Des négociations, menées via une médiation du Qatar et de l’Égypte, sont en cours pour parvenir à une nouvelle trêve, plus longue, et de nouveaux échanges. Face à la perspective d’une offensive majeure, la pression des pays étrangers s’accroît. Les Émirats arabes unis ont exprimé « leur profonde inquiétude » face aux « sérieuses répercussions humanitaires » d’un assaut israélien.

Le Qatar a « fermement condamné » les menaces d’Israël sur Rafah et l’Organisation de la coopération islamique (OCI) a dénoncé les « tentatives d’expulsion forcée du peuple palestinien de ses terres ». À Téhéran, le président iranien, Ebrahim Raïssi, a appelé dimanche à exclure Israël de l’ONU, estimant que l’offensive israélienne à Gaza était « un crime contre l’Humanité ». À Rabat, des milliers de Marocains ont défilé dimanche en soutien au peuple palestinien. L’Arabie saoudite avait appelé samedi à un réunion d’urgence du Conseil de sécurité de l’ONU.
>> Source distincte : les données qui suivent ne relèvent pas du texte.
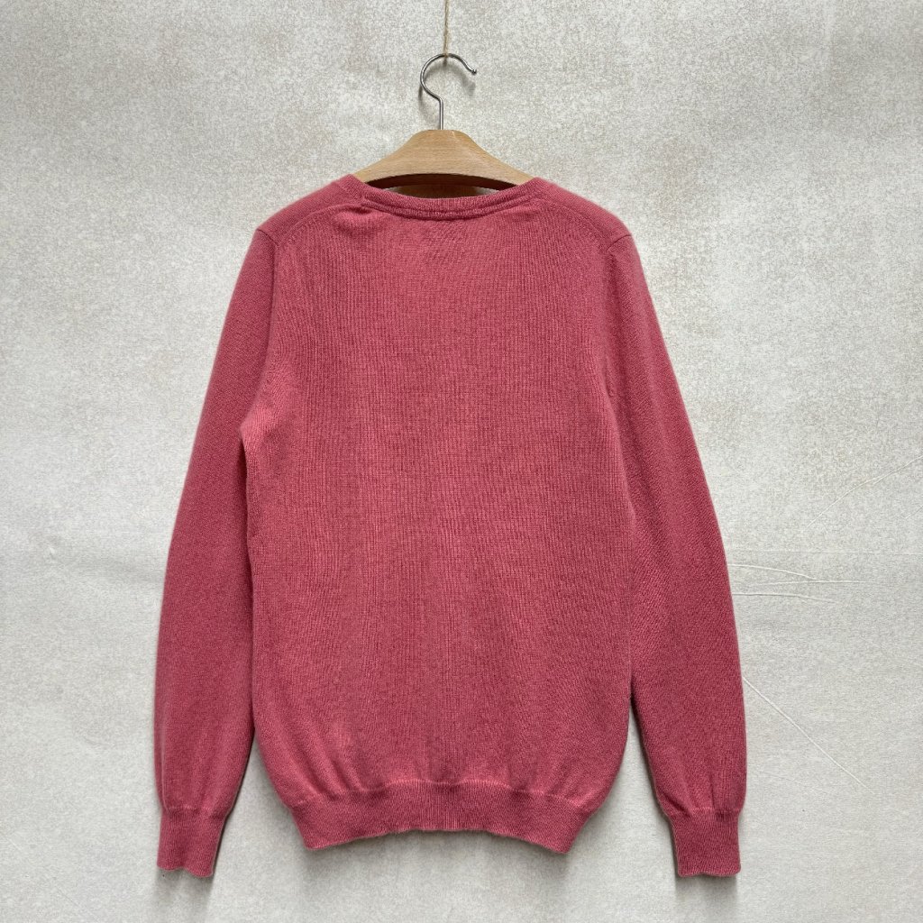 Růžový 100% kašmírový svetr s véčkovým výstřihem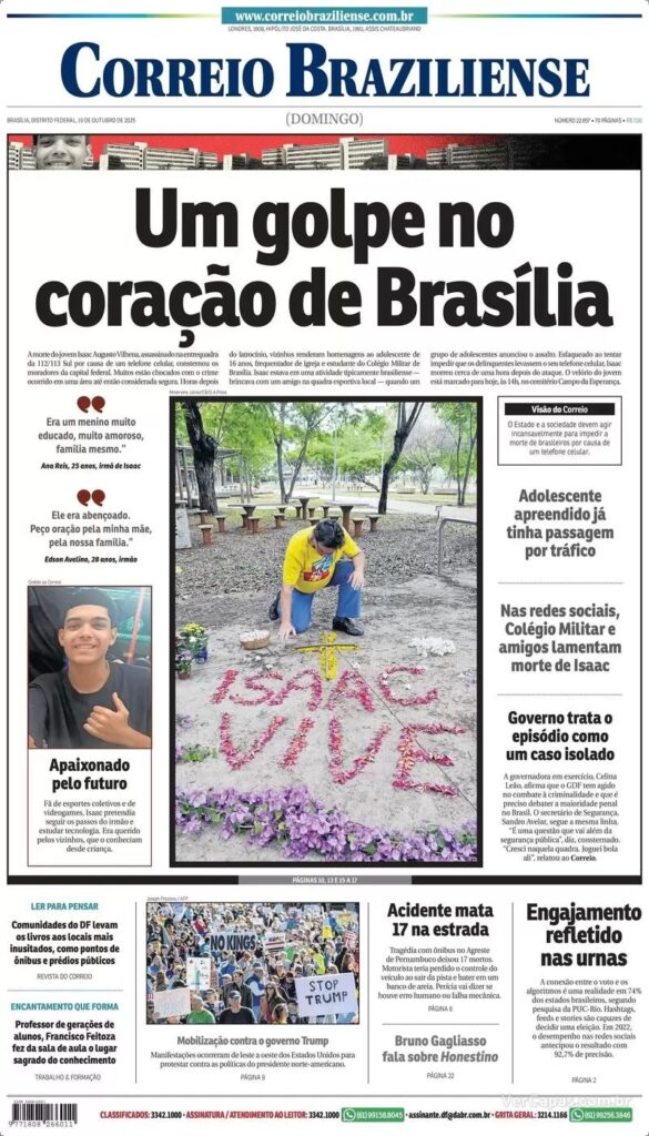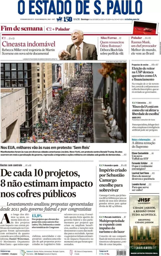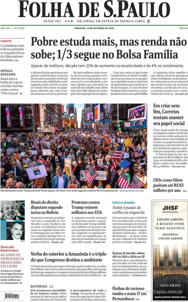 4. Na área internacional, os jornais destacam os grandes protestos nos Estados Unidos contra o presidente Donald Trump. Foram realizadas manifestações de protestos em dezenas de cidades americanas.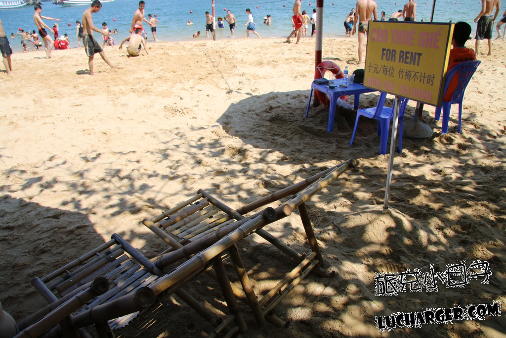 沙灘上的躺椅是需要另外付費的,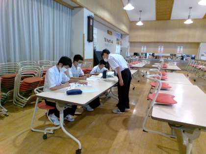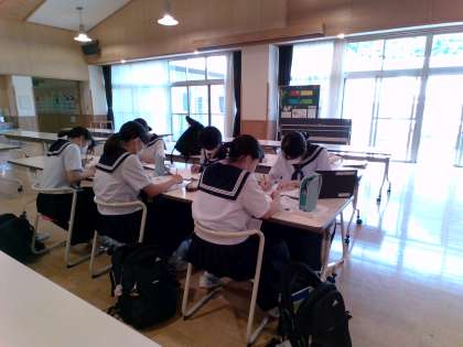 今日は、1学期期末評価前最後の山田中学力向上アカデミー開催でした。今日も多くの生徒が集まり、課題に取り組んだり教え合ったりしていました。共に学び合う雰囲気も、初日から更によくなっていると感じられました。

Pour le chef de la diplomatie européenne, Josep Borrell, une offensive à Rafah provoquerait « une catastrophe humanitaire indescriptible ». Les États-Unis, principal allié d’Israël, ont également durci le ton, le président américain, Joe Biden, jugeant « excessive » la « riposte » israélienne à l’attaque du Hamas.

Les prix explosent

Environ 1,7 million de personnes, d’après l’ONU, sur un total de 2,4 millions d’habitants, ont fui leur foyer depuis le 7 octobre, beaucoup d’entre elles déplacées plusieurs fois à travers le territoire dévasté, assiégé par Israël et plongé dans une crise humanitaire majeure.

Rafah est le dernier grand centre urbain où l’armée n’a pas encore pénétré et la ville est devenue un gigantesque campement de fortune. L’aide humanitaire qui y arrive par l’Égypte est insuffisante pour nourrir la population qui voit les prix des aliments s’envoler.
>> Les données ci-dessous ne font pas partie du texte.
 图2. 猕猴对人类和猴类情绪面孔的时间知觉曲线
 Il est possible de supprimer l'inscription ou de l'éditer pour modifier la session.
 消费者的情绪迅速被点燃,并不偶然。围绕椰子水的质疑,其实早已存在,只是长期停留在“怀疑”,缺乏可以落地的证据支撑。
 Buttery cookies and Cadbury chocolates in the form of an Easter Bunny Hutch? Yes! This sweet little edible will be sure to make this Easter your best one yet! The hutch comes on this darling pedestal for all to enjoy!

« Comme si les bombardements, les tueries et les destructions ne suffisaient pas, les prix ont augmenté comme si on était en Europe », a expliqué Abou Muhammad Rabie, 54 ans, qui tente d’acheter au marché de la nourriture pour sa famille de neuf personnes. « De toute façon nous mourrons, des bombes ou de la faim », lance-t-il.
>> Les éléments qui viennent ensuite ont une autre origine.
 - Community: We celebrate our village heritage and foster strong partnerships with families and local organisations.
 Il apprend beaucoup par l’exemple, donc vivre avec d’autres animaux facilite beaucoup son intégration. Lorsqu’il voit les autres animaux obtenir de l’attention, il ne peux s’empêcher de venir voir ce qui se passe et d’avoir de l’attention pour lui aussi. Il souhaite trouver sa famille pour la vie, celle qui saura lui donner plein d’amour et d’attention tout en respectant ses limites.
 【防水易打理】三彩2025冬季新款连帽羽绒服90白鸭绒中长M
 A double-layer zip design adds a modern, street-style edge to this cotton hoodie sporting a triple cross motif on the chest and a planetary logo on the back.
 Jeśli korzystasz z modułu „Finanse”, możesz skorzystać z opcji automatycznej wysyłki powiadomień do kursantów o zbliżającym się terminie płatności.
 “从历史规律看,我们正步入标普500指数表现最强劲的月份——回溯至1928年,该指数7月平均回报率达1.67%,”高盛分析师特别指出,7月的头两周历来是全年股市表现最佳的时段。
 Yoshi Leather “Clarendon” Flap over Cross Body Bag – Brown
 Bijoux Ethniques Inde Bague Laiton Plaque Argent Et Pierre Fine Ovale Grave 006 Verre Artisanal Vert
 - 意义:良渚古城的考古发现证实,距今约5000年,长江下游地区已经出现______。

Sur leurs réseaux sociaux, les responsables du Hamas ont dénoncé dimanche la situation humanitaire dramatique dans le territoire. Elles accusent les forces israéliennes d’ »empêcher l’arrivée de l’aide » à Gaza, notamment dans le nord où les combats se poursuivent et où « le stade de la catastrophe » a été dépassé.